In detail, within the structure of a fmp4 segment, the timestamp of a video segment is stored in BaseMediaDecodeTime field of the TRAF box (inside MOOF box). The timescale is stored in the SIDX box. To extract and re-inject timestamps and timescales, I wrote an utility library, media_utils.
Finally, we need to update the HLS master playlist and generate the variant playlist for the annotated video rendition. First, the detection target rendition included in the original master playlist should be removed. During video packaging, Shaka packager includes detection target rendition in the master playlist because it cannot distinguish the detection target output rendition from main output renditions.

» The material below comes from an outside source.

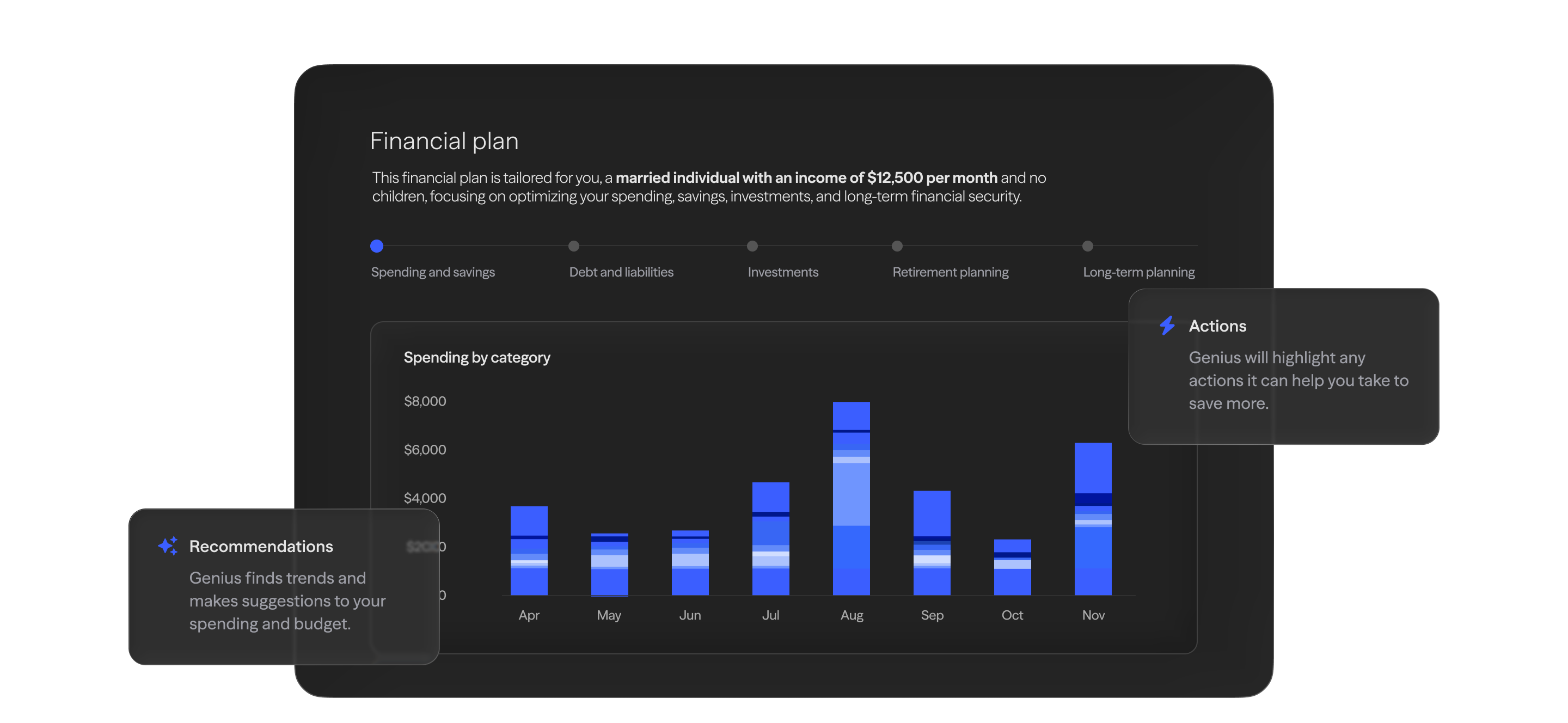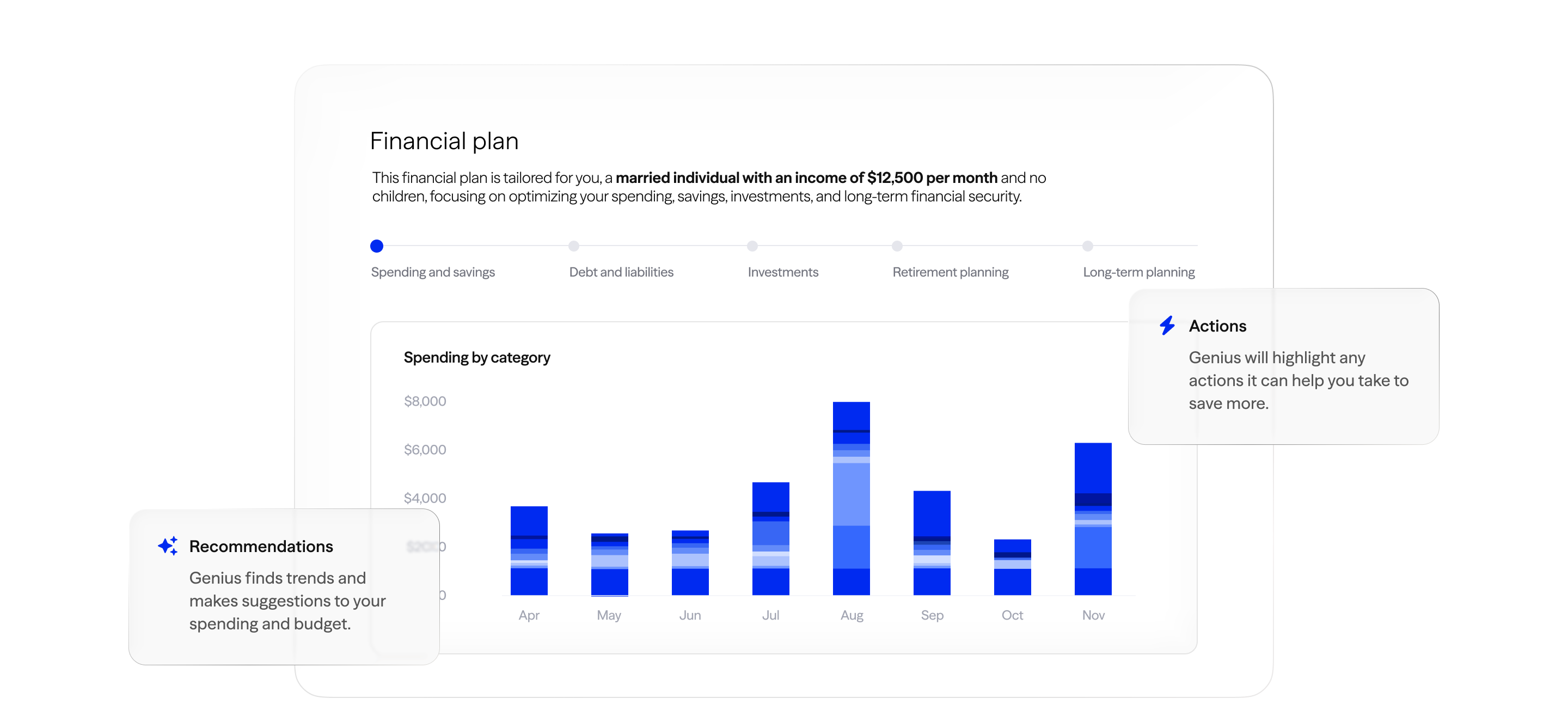 Genius learns about you and suggests relevant actions to help you build financial stability.
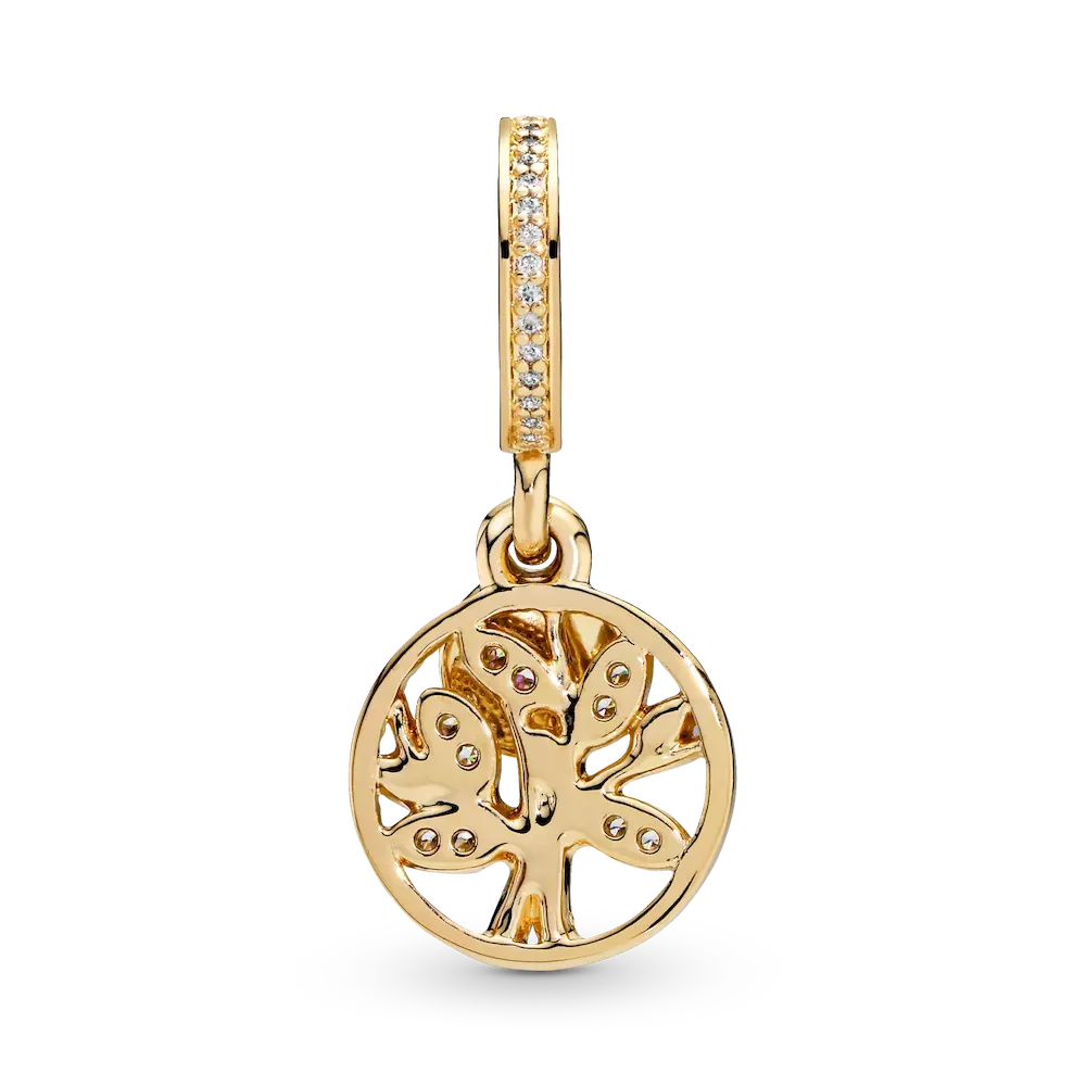 This 14k gold-plated Sparkling Family Tree Dangle Charm represents how families are connected through many generations. The golden hue and the stone-encrusted leaves create a radiant effect to embellish your choice of bracelet or chain.

However, we cannot leave detection target output rendition in the master playlist because that rendition with annotated video should not considered as a candidate for HLS Adaptive BitRate (ABR) switching. So it's detector thread's job to remove detection target rendition from the master playlist. Second, as mentioned, the original detection target variant playlist cannot be uploaded to cloud storage and be live-streamed directly, because of the video segments in the playlist have not gone through object detection and been annotated yet. Instead, the detector thread needs to create a new annotated playlist and adds an annotated video segment to the playlist only after it finishes all the detection processing. The annotated playlist is updated for every video segment.
The variant playlist url of the annotated video output is always formatted as follows,
http://[base_url]/video_[detection_target_output_bitrate]/playlist_detected.m3u8
For example, https://bzhang-test-bucket-public.s3.us-east-1.amazonaws.com/output_efa8d130-a969-4139-b899-afa16115c473/video_150k/playlist_detected.m3u8.